The problem facing the strict materialist, that of entirely removing a Prime Mover from their metaphysics, is comparable to the problem of explaining Mind entirely in terms of the brain. Pirsig compares the presence of Mind on the brain to that of software on hardware: the hardware does not give rise to the software, but rather makes the software possible; the software exists in the hardware and yet, paradoxically, is not comprised of the the hardware. Attempting to describe Mind in terms of brain is like attempting to describe MacOS 9 in terms of the Motorola PowerPC chip set. No such explanation can ever be satisfactory. Even if you are able to isolate parts of the software as resident in different portions of physical memory, or to identify, by watching the hardware, when certain software operations are occurring, you will never understand the software, except perhaps to the point of knowing how to damage it by damaging the hardware. In a similar way, a strict materialist prevents himself from considering any motive force except chance, and is thus consigned to an inherently incomplete explanation.
I remember reading Richard Dawkins’ book The Blind Watchmaker with great interest. The book is an answer to the argument that says, “if you found a watch lying on the ground, you would understand at once that it was designed.” Dawkins says that he, too, is cognizant of the wonder, beauty, and diversity of the world around him, but that this is not inconsistent with Darwinism. As an example of how random mutation and natural selection can give rise to the rich panoply of life around us, Dawkins shows the results of a computer program he wrote which simulated organisms with simulated genes. The genes mutated, and the organisms mated. The organisms started out with random genomes, and Dawkins selected the half of the organisms that least looked like insects, eliminated them, and reiterated. After a number of “generations”, all of the virtual organisms looked a great deal like insects. The demonstration is a powerful illustration of the point that randomness does not mean disruptive chaos, and that simple selection of random traits can produce highly organized results.

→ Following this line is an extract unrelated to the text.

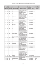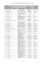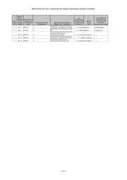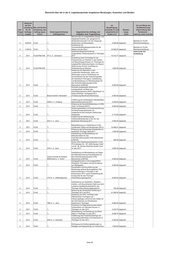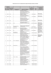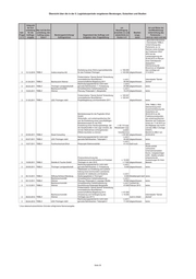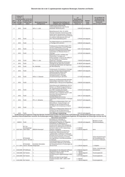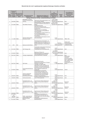 Übersicht über die in der 5. Legislaturperiode vergebenen Beratungen, Gutachten und Studien Zeitpunkt der Ent- vor Art und Weise der scheidung Wer traf die Ent- Beauftragung Veröffentlichung/ betr. für die scheidung, den erwartete (v) und Bearbei- Unterrichtung des Frage Auftrags- Auftrag auszu- Beratungseinrichtung/ Gegenstand des Auftrags und tatsächliche (t) tungs- Parlaments – 2/3 vergabe lösen? Auftragnehmer Aufgaben- bzw. Fragestellung Kosten in € stand wenn ja: wann und wie Erbringung von Leistungen im Zusammenhang mit der Erstellung von Hochwasserabfluss-Längsschnitten für die Gramme, Scherkonde und Lossa sowie eine Bewertung des Gefahren- bzw. Gefährdungspotentials der Stauanlagen Berichte an TLUG/ 3 05/2011 TLUG *) Hopfgarten und Vieselbach 3.618,00 abgeschl. Berichtsverteidigung Erbringung von Leistungen im Zusammenhang mit der Erstellung von Hochwasserabfluss-Längsschnitten für die Berichte an TLUG/ 3 05/2011 TLUG *) Leina-Hörsel und die Nesse 2.713,00 abgeschl. Berichtsverteidigung Erbringung von Leistungen im Zusammenhang mit der Prüfung hydrologischer Gutachten für Stauanlagen und die Erstellung gewässerkundlicher Grundlagen (HQ(T)-Längsschnitte: Berichte an TLUG/ 3 05/2011 TLUG *) Königseer Rinne und Schwarza) 6.421,24 abgeschl. Berichtsverteidigung Ermittlung geogener Hintergrundwerte für nichtsynthetische Schadstoffe in Berichte an TLUG 3 08/2011 TLUG C&E Fließgewässern des Freistaates Thüringen 22.776,79 nicht abgeschl. /Berichtsverteidigung Berichte an TLUG/ Berichtsverteidigung/ Arbeitsgrundlage für Erarbeitung einer Studie zur Bewertung des Beiträge zum Grundwasserforschungs- zukünftigen Umgangs mit Haldenwässern Maßnahmenprogramm 3 10/2011 TLUG institut Dresden im Kali-Südharz-Revier 19.942,02 abgeschl. i.S. § 32 ThürWG Berichte an TLUG/ 3 10/2011 TLUG WISMUT GmbH Sondermessnetz Braunkohle 58.458,93 nicht abgeschl. Berichtsverteidigung Überarbeitung des Arbeitspapiers Arbeitsgrundlage für "Struktur/Morphologie sowie Beiträge zum Durchgängigkeit an Schwerpunktgewässern Maßnahmenprogramm 3 10/2011 TLUG IPU in Thüringen 10.277,49 abgeschl. i.S. § 32 ThürWG Erstellung einer Handlungsempfehlung für Berichte an TLUG/ die Bewertung von Berichtsverteidigung/ Büro für Grün- und Kompensationsmaßnahmen an Veröffentlichung in 2012 3 10/2011 TLUG Landschaftsplanung Fließgewässern und in Auen 8.921,43 nicht abgeschl. geplant Berechnung von ausgewählten Zufluss- und Abgabekennwerten und -ganglinien für Wiederkehrintervalle T für das Berichte an TLUG/ 3 01/2012 TLUG *) Hochwasserrückhaltebecken Watzdorf 2.844,10 nicht abgeschl. Berichtsverteidigung Erfassung wertgebender Vogelarten siehe Ende der 2012/2013 im Thüringer Vogelschutzgebiet Aufstellung SPA Nr. 44 "Nordöstliches Altenburger Land", die Bewertung von Artvorkommen sowie die Abgrenzung von Habitatflächen und die Dokumentation des Gebietszustandes unter besonderer Berücksichtigung von 3 2012 TLUG VTO e. V., Hildburghausen Störungen/Beeinträchtigungen 21.200,00 nicht abgeschl. Erfassung wertgebender Vogelarten im Thüringer Vogelschutzgebiet SPA Nr. 02 "Südharzer Gipskarst", die Bewertung von Artvorkommen sowie die Abgrenzung von Habitatflächen und die Dokumentation des Gebietszustandes unter besonderer Berücksichtigung von 3 2012 TLUG Ökotop GbR, Halle Störungen/Beeinträchtigungen 15.051,12 nicht abgeschl. Erfassung wertgebender Vogelarten im Thüringer Vogelschutzgebiet SPA Nr. 37 "Frankenwald - Schieferbrüche Lehesten", die Bewertung von Artvorkommen sowie die Abgrenzung von Habitatflächen und die Dokumentation des Gebietszustandes unter besonderer Berücksichtigung von 3 2012 TLUG *) Störungen/Beeinträchtigungen 22.473,15 nicht abgeschl. Kartierung von Mollusken in den Bereichen Benneckenstein, Hasselfelde, Blankenhayn, Tambach-Dietharz und Teichwolframsdorf. Datenaufarbeitung und -bereitstellung von Molluskendaten für das Fachinformations¬system (FIS) Naturschutz 3 2012 TLUG *) (LINFOS). 3.000,00 nicht abgeschl. Fortführung der landesweiten Wanderfalken- 3 2012 TLUG AWS e. V., Freiberg Bestandsüberwachung 2012 3.000,00 nicht abgeschl. Basiserfassung zur Libellenfauna in den Landkreisen Sonneberg und 3 2012 TLUG *) Hildburghausen (2012/2013) 16.036,21 nicht abgeschl. Schlagopfersuche zur Brutzeit in drei ausgewählten Windparks Thüringens und 3 2012 TLUG *) die Ermittlung von Abtragraten 4.000,00 nicht abgeschl. Untersuchung der aktuellen Vorkommen der hochmontanen Bergbacharten in den Quellbereichen/Bergbachbereichen verschiedener Flüsse in Thüringen in den 3 2012 TLUG *) Jahren 2012 und 2013 6.283,20 nicht abgeschl. Erfassung des Schwarzstorchbestandes im 3 2012 TLUG *) westlichen Thüringer Wald 2012 1.000,00 nicht abgeschl. Seite 30

The principal problem with the demonstration, from a materialist standpoint, is that the selection is not “natural”: Dawkins already knows what an insect looks like, and guides (one could say sculpts) the population of organisms into what he has in mind. This is a qualitative distinction. In short, the demonstration actually proves that mutation and selection can make a great artistic tool.

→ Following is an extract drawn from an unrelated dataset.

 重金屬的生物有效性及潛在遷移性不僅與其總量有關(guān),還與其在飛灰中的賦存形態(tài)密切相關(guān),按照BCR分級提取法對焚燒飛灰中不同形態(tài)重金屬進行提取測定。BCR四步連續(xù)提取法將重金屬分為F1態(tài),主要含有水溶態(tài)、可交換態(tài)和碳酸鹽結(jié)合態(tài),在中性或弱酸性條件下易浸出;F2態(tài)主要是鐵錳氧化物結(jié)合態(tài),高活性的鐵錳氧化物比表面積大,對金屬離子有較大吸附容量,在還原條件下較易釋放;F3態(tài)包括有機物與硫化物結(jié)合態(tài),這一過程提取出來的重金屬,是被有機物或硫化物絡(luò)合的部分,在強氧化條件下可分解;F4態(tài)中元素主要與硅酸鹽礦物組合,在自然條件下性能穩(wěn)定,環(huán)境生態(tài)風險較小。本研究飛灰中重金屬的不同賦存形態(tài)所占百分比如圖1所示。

We are routinely told an incomplete story these days about the evolutionary process. The explanatory gap that exists in the story is overlooked. Comically, Evolution as an active designer is invoked in “just-so” stories about the origin of various species’ traits. Genetic determinism and a dominant materialist metaphysics create this tension.
One solution to genetic determinism is to simply be more open-minded toward non-genetic hypotheses about changes in a population’s phenotype. We have been looking through gene-colored glasses for so long that we have ascribed them a larger role in phenotype than they actually have.
The solution to the “just-so” stories is to reopen metaphysics as a domain of inquiry complementary, not antagonistic, to science, and recognize two things: that science is not required to answer metaphysical questions, and that the recognition of a metaphysical question to answer does not presuppose the answer itself.